PASSAGE OF THE DAY: "In 2014, the U.S. Department of Justice’s Office of the Inspector General (OIG) published a report on the FBI’s handling of complaints about the research and testimony of several of its forensic analysts, including Malone.
▪ Malone repeatedly testified that by using microscopic analysis, he could match an unknown hair to a known hair, and the probability of the unknown hair belonging to somebody other than the known hair’s contributor was one in 5,000. These claims lacked a scientific basis.
▪ Malone’s notes regarding his examinations were often inadequate or unreadable, making it impossible to verify his results. The reviewers found that “Malone’s testimony was consistently overstated,” and was “misleading and inaccurate.”

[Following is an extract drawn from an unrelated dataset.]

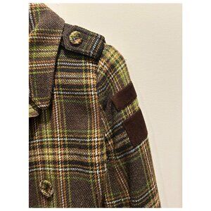 Elevate your fall and winter wardrobe with this chic and vintage-inspired plaid peacoat from Juicy Couture! This structured jacket features rich brown, green, and mustard plaid, with velvet shoulder and sleeve accents for a stylish and sophisticated touch.

▪ Malone repeatedly testified that he had personally done tests and examinations, but no exhibits were presented that reflected or constituted such tests.
▪ Malone repeatedly testified that “at least 15 characteristics are needed for a hair comparison.” This claim lacked scientific support.
Based on the findings, the report concluded that Malone had “repeatedly created scientifically unsupportable lab reports and provided false, misleading, or inaccurate testimony at criminal trials.”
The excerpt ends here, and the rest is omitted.